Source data
--- --- ---
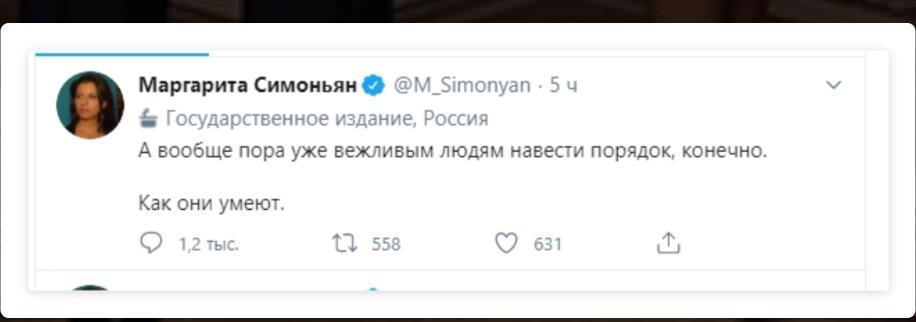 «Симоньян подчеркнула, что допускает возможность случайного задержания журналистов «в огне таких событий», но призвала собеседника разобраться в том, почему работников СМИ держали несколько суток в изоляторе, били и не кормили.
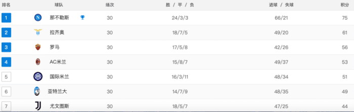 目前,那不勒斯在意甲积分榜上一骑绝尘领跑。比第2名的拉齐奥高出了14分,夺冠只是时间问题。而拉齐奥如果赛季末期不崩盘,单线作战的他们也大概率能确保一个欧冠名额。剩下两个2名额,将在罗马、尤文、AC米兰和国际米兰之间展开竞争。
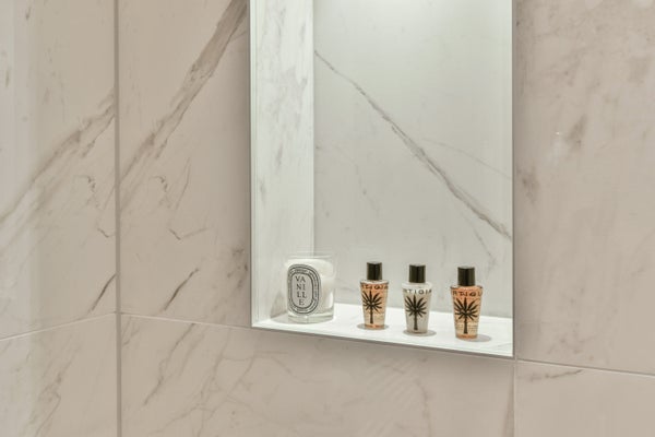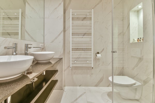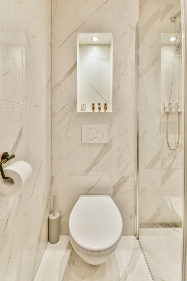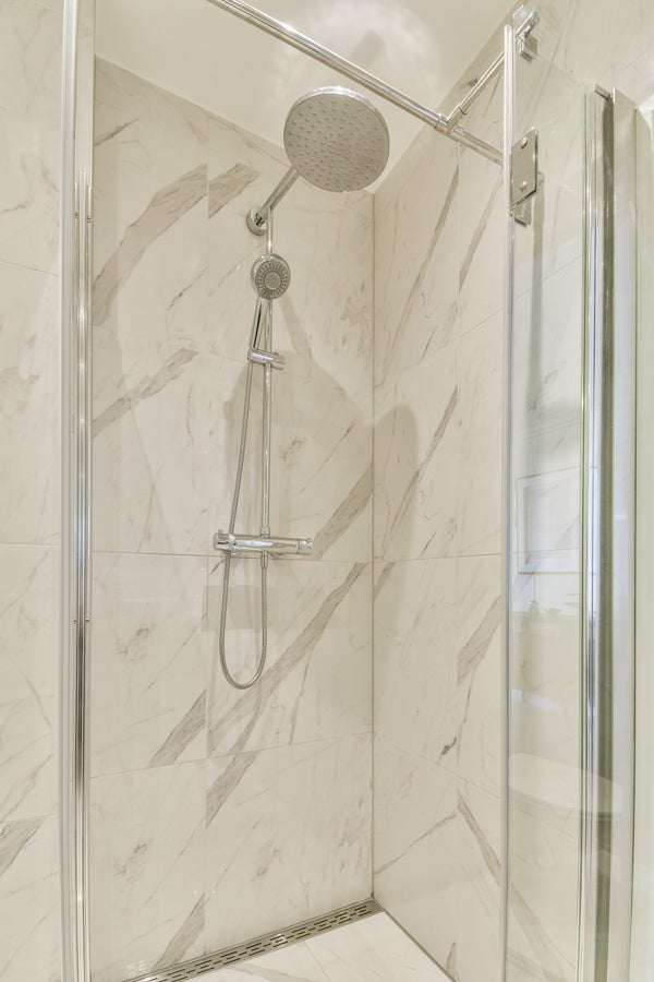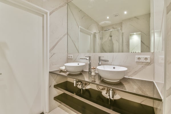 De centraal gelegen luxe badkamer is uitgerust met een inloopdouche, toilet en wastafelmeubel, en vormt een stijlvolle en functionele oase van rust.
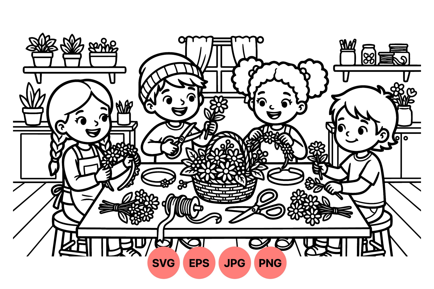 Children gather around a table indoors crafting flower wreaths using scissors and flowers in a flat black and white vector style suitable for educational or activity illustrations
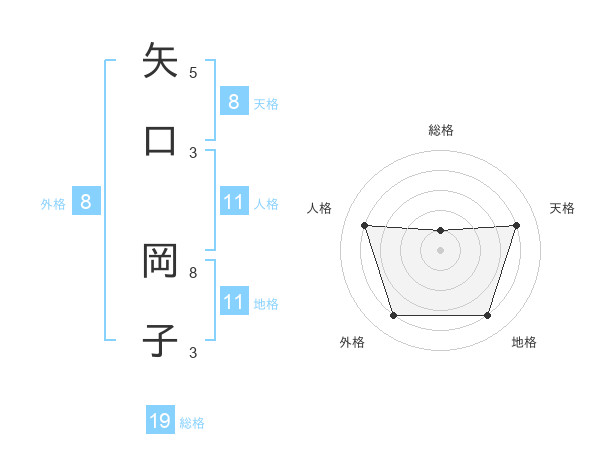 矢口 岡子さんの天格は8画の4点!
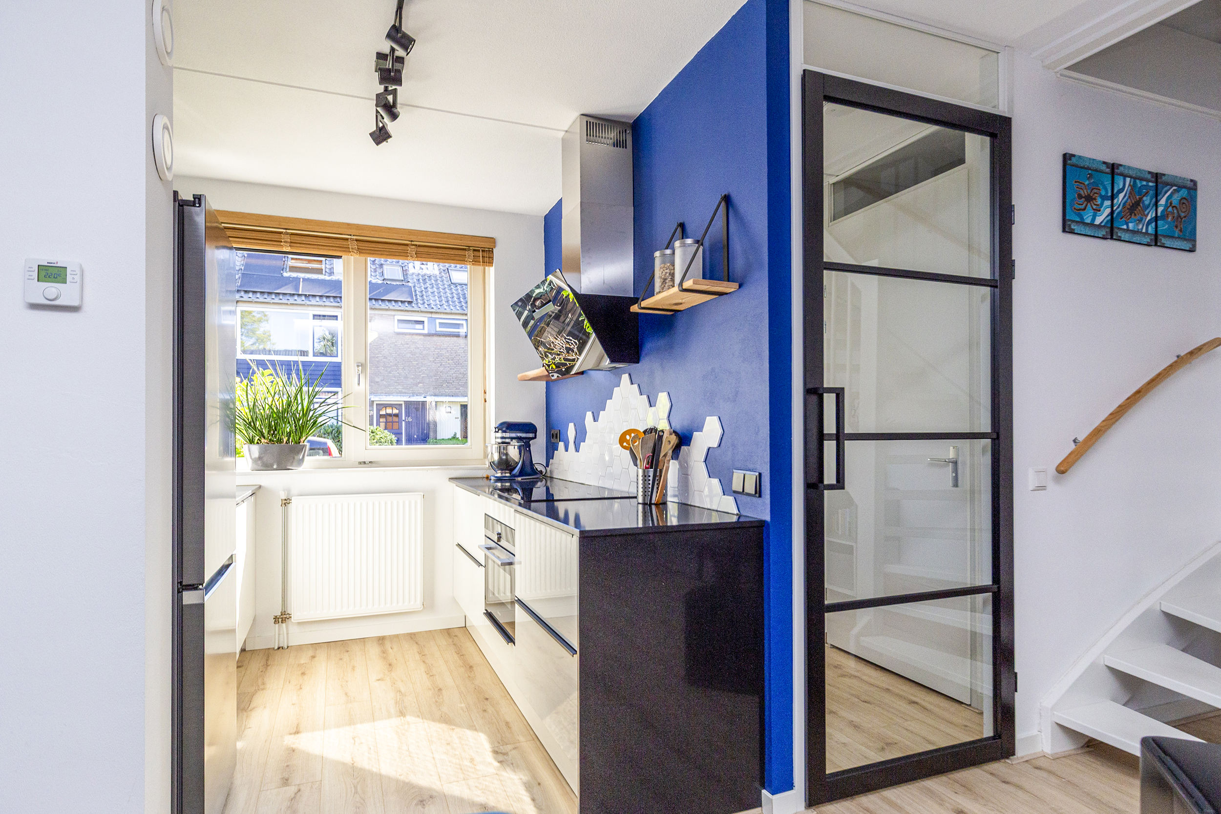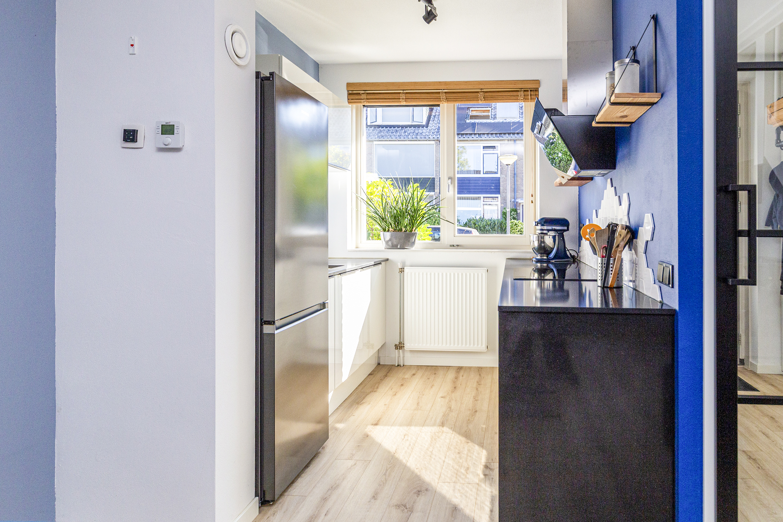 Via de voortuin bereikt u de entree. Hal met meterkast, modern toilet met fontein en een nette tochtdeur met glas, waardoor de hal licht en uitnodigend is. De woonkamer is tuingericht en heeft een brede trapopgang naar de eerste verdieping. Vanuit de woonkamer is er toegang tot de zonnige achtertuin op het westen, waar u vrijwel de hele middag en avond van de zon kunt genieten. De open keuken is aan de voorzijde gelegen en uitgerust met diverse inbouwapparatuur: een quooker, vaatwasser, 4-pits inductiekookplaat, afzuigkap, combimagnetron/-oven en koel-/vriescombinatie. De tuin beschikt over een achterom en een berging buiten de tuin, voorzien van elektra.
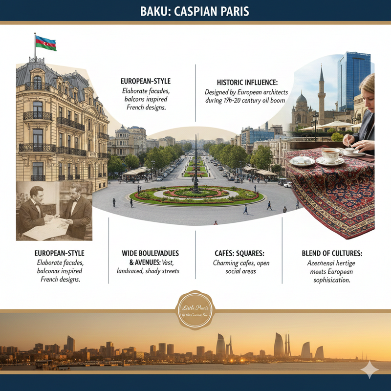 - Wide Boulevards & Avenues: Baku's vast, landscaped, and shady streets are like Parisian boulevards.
--- --- ---
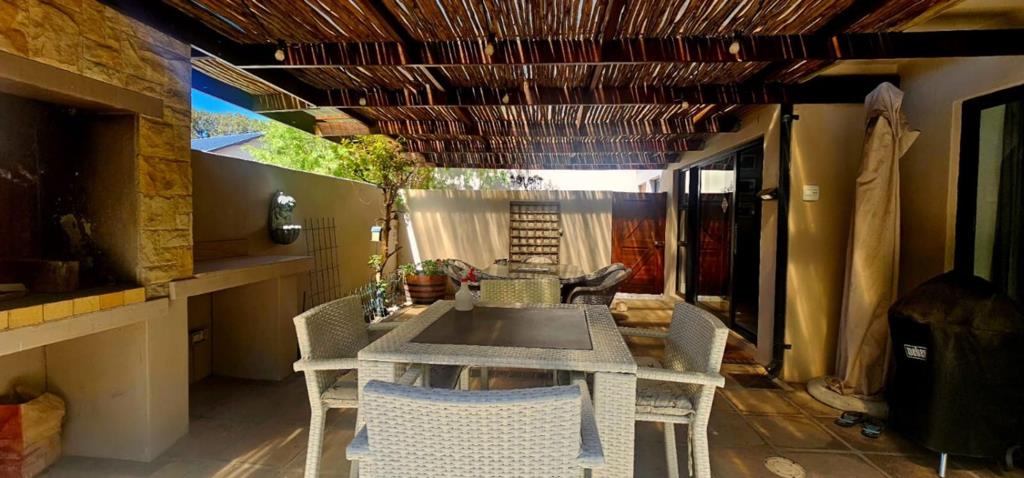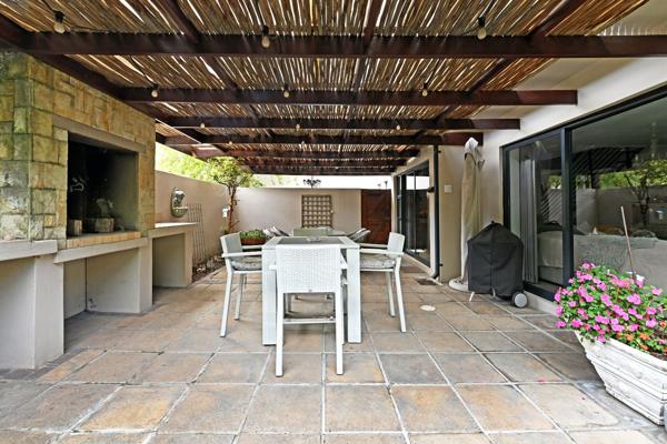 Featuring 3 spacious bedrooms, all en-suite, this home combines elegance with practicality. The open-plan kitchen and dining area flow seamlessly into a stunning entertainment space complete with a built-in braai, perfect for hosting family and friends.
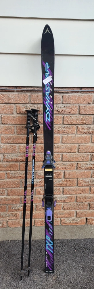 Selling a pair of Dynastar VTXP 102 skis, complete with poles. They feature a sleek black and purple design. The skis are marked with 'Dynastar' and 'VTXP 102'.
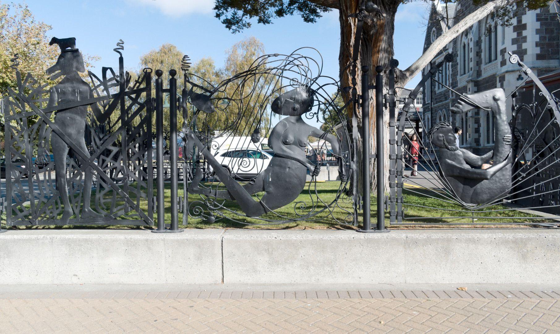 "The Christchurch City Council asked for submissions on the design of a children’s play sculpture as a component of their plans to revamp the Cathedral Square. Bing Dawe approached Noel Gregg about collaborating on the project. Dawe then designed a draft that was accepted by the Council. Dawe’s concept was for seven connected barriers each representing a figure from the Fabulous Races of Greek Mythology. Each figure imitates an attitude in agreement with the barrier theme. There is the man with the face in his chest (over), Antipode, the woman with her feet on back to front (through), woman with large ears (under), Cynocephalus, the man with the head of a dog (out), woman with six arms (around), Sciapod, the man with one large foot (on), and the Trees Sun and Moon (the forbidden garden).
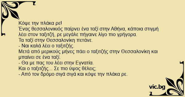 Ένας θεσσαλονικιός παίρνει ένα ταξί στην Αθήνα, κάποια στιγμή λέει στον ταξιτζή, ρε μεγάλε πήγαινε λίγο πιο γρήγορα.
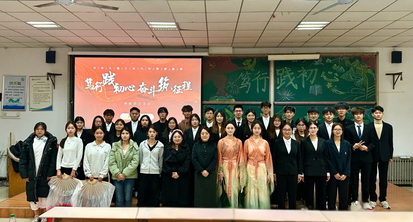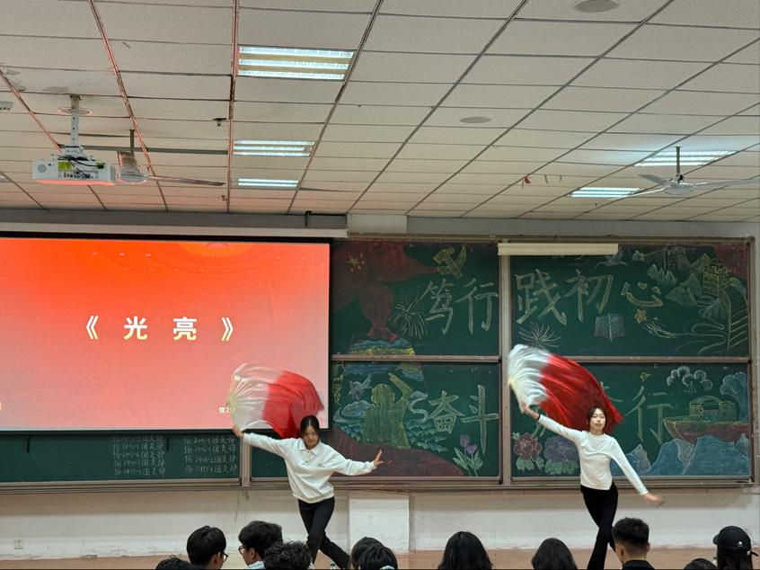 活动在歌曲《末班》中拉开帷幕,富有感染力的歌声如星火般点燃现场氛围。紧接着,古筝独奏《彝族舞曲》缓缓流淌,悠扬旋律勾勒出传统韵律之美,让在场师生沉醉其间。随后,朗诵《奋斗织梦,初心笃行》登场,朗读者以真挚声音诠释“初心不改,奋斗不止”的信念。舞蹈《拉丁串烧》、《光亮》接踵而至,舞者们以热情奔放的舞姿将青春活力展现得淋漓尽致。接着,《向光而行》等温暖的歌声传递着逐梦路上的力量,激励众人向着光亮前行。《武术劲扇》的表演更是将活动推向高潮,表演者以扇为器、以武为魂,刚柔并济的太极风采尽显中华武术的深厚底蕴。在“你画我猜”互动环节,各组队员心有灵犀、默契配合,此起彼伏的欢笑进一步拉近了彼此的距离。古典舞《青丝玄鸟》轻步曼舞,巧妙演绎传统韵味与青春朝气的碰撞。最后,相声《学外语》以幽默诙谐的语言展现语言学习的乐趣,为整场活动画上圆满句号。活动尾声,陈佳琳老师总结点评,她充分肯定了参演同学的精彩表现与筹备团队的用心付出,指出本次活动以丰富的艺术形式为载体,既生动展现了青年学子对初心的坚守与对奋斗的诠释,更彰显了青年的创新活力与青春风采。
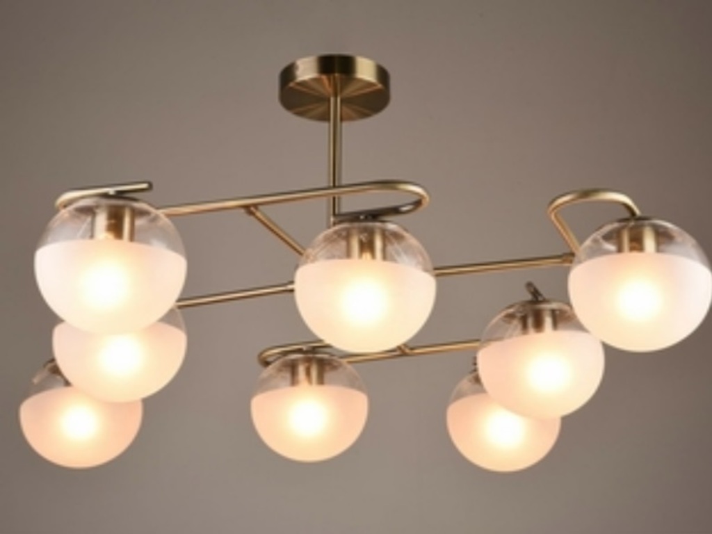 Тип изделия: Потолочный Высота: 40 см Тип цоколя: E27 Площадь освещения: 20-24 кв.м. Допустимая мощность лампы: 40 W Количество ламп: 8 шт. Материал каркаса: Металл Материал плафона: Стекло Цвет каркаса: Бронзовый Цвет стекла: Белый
--- --- ---
**WHAT TO WORK ON:** In the data above, find the line with "и не кормили." and the line with "矢口 岡子さんの天格は8画の4点!". Please copy exactly those two lines and every line between them, but not the pictures.

**SOLUTION FOR THIS EXERCISE:**
 «Симоньян подчеркнула, что допускает возможность случайного задержания журналистов «в огне таких событий», но призвала собеседника разобраться в том, почему работников СМИ держали несколько суток в изоляторе, били и не кормили.
 目前,那不勒斯在意甲积分榜上一骑绝尘领跑。比第2名的拉齐奥高出了14分,夺冠只是时间问题。而拉齐奥如果赛季末期不崩盘,单线作战的他们也大概率能确保一个欧冠名额。剩下两个2名额,将在罗马、尤文、AC米兰和国际米兰之间展开竞争。
 De centraal gelegen luxe badkamer is uitgerust met een inloopdouche, toilet en wastafelmeubel, en vormt een stijlvolle en functionele oase van rust.
 Children gather around a table indoors crafting flower wreaths using scissors and flowers in a flat black and white vector style suitable for educational or activity illustrations
 矢口 岡子さんの天格は8画の4点!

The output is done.